Monday, January 28, 2008
The Figure above shows a simulation of transit timings if additional planets are present. The primary planet has a mass of 0.69 times the Jupiter and an orbital period of approximately 3.52 days. The colours indicate the mass of secondary planet, ranging from 1 to 100 times the mass of the Earth. The scale on the bottom shows the period of the secondary planet ranging from 1 to 17 days. The scale on the left indicates the change in the occurrence of the transit event. It is a log scale (0 -> 1 sec, 1 -> 10 sec, 2-> 100 sec and so on..).
Long term monitoring of transiting systems gives the opportunity to possibly discover other Earth-sized planets outside out Solar System.
Friday, January 25, 2008
For HR 1613 we obtained 8.5 days of data that is nearly continuous. The result is that we can resolve individual frequencies that compose the lightcurve shape. Mathematically, we want to fit a function consisting of sine curves that have different frequencies, amplitudes and phases. Fitting an equation of this form in a non-linear problem. This means that finding a set of parameters that best fits the data is tricky business.
One method of estimating the best fit parameters is to use a Fourier Transform (in this case, discrete=DFT) to estimate parameters.

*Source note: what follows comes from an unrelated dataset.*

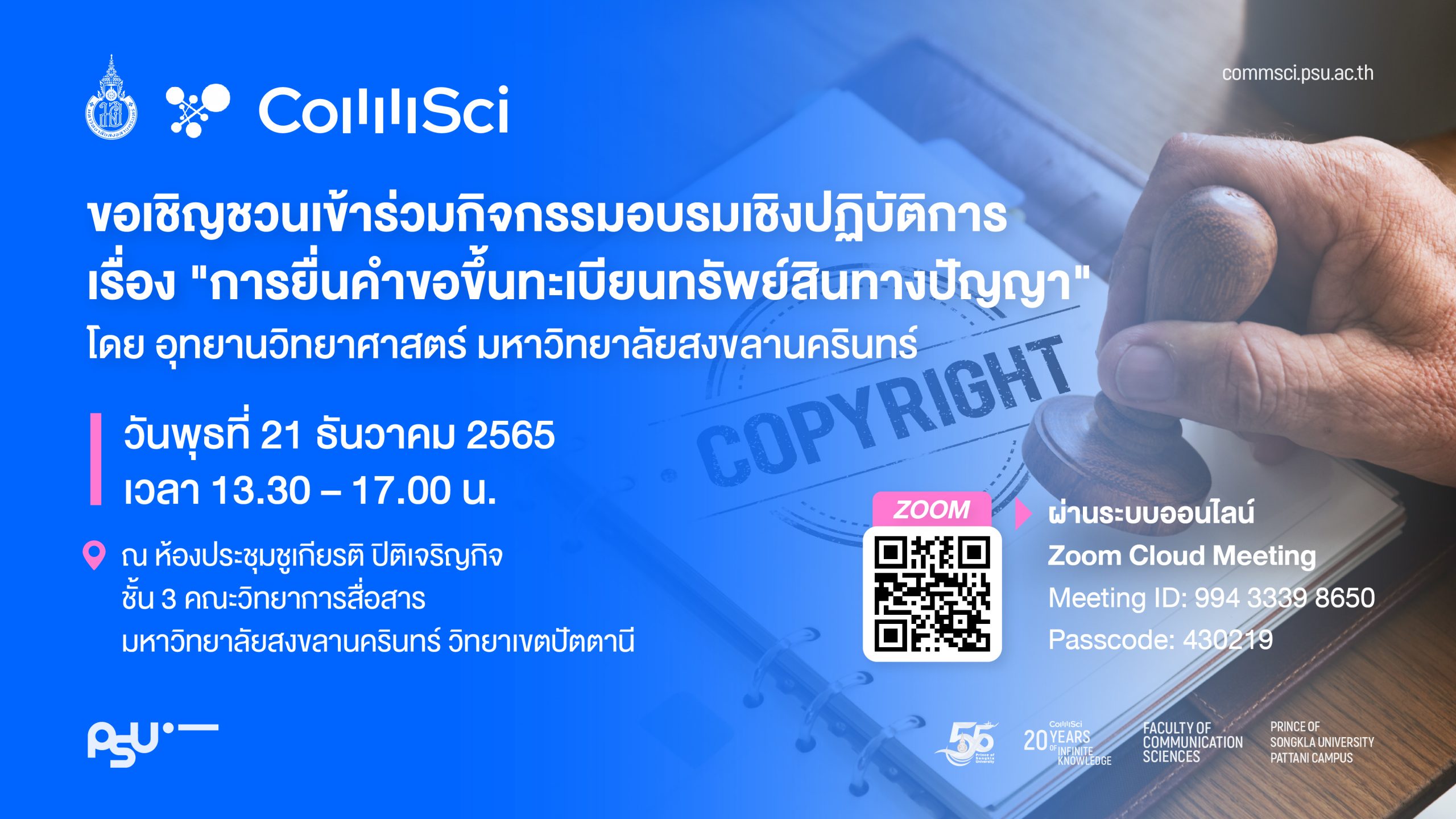 งานวิจัย คณะวิทยาการสื่อสาร ขอเชิญเข้าร่วมกิจกรรมอบรมเชิงปฏิบัติการ เรื่อง “การยื่นคำขอขึ้นทะเบียนทรัพย์สินทางปัญญา” โดย อุทยานวิทยาศาสตร์ มหาวิทยาลัยสงขลานครินทร์ เพื่อส่งเสริมแลกเปลี่ยนเรียนรู้ประสบการณ์ด้านการยื่นคำขอขึ้นทะเบียนทรัพย์สินทางปัญญาและเรียนรู้ระบบ PITI ระบบในการยื่นคำขอขึ้นทะเบียนทรัพย์สินทางปัญญา ของมหาวิทยาลัยสงขลานครินทร์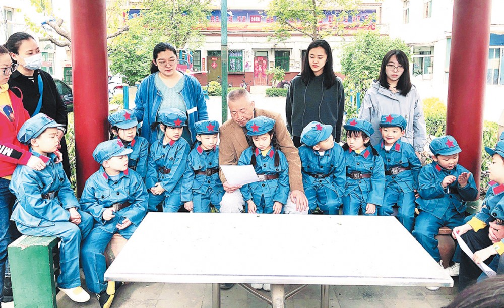 4月23日,太原市新南三社区党总支联合广电幼儿园在辖区庭院党校开展了“大手拉小手,红色文化同传承”活动。通过老党员给孩子们讲红色故事的形式,让孩子们铭记党史、报答党恩。

The method is simple to describe:
1. Perform the DFT of dataset
2. Record the frequency and phase with the highest amplitude
3. use DFT info as guess for fit solution. Then optimize solution.
4. remove solution from original data set to produce residuals.
5. Perform DFT on residuals.
6. Find next highest amplitude.
7. add new frequency to solution and optimize again.
8. repeat 4-7 until there are no significant frequencies remaining in the DFT.
There are some hiccups along the way. The above method does not guarantee that you have found the best solution. Also, your solution parameters may become degenerate if two frequencies are inserted in the solution that are seperated less than the resolution afforded by your observations.
The best way around resolution problems, is to gather more observations! Otherwise, one must be quite careful about claims one may make based on a non-linear model as you may not have found the best solution. The Figure above shows a solution for HR 1613. So far I am not convinced that is a unique solution and it will be very difficult to get new observations. So I'm working on methods to test the uniqueness by efficiently exploring the local parameter space for the model parameters to find other local-minimum/maximum.
Thursday, January 24, 2008
Anyways, I lost track of blogging as I was busy finishing my thesis, defending, finding a job and moving. Well that's all done now. I successfully defended and submitted the thesis. I am no longer a student. Being a poor grad student was being to really suck, now I can be a not-so-poor poctdoc. As a result, I've moved from Vancouver to San Jose and now work at NASA-Ames with the Kepler project. That alone should give me plenty to chat about in the future.
I've been working recently on trying to publish some results on the binary system system HR 1613. The figure above shows an 8.5 days observing campaign from the MOST satellite. The magenta lightcurve at the bottom shows the variability of the stellar system.
The primary, more massive, member of the system is a 1.5 solar mass main-sequency star (A9 V) and the secondary is a less massive and intrinsically less bright K or M-dwarf star. The A9V star shows variability on the time scale of a day. It appears to be gamma Doradus type pulsations. I've discussed these type of pulsations before in my study of the star BD+18 4914. The interpretation is that these are g-modes which may be driven by the star itself or excited by tidal interaction with the companion star.
The other 4 lightcurves show a wide range of stellar activity for different temperatures and mass. The top (red) curve shows a hotter, more massive A-type star which shows variability on the timescale of an hour. These are interpreted as p-mode pulsations and the star is likely a delta Scuti type pulsator. The next (green) curve shows a star with a very similar temperature, but does not show any intrinsic variability. It's evolutionary stage is unknown. The 1 day modulation that you can see by eye in the light curve is an instrumental artifact. It was purposely left in the lightcurve to show its effect on the photometry.
The middle curve (blue) shows a relatively hotter B star. The variability pattern and stellar classification are consistent with being a beta Cephei type star. The next curve (cyan) shows a cooler K-type star. The erratic behaviour in the lightcurve is likely caused by spots on the surface of the star which rotate out of view as the star rotates and change shape as influenced by the stars magnetic field.
Each star shows a unique lightcurve which we can use to probe the internal structure of star, which inturn allows us to infer the star's past and future. It's a very interesting science, to understand the points of light that we see on a clear night.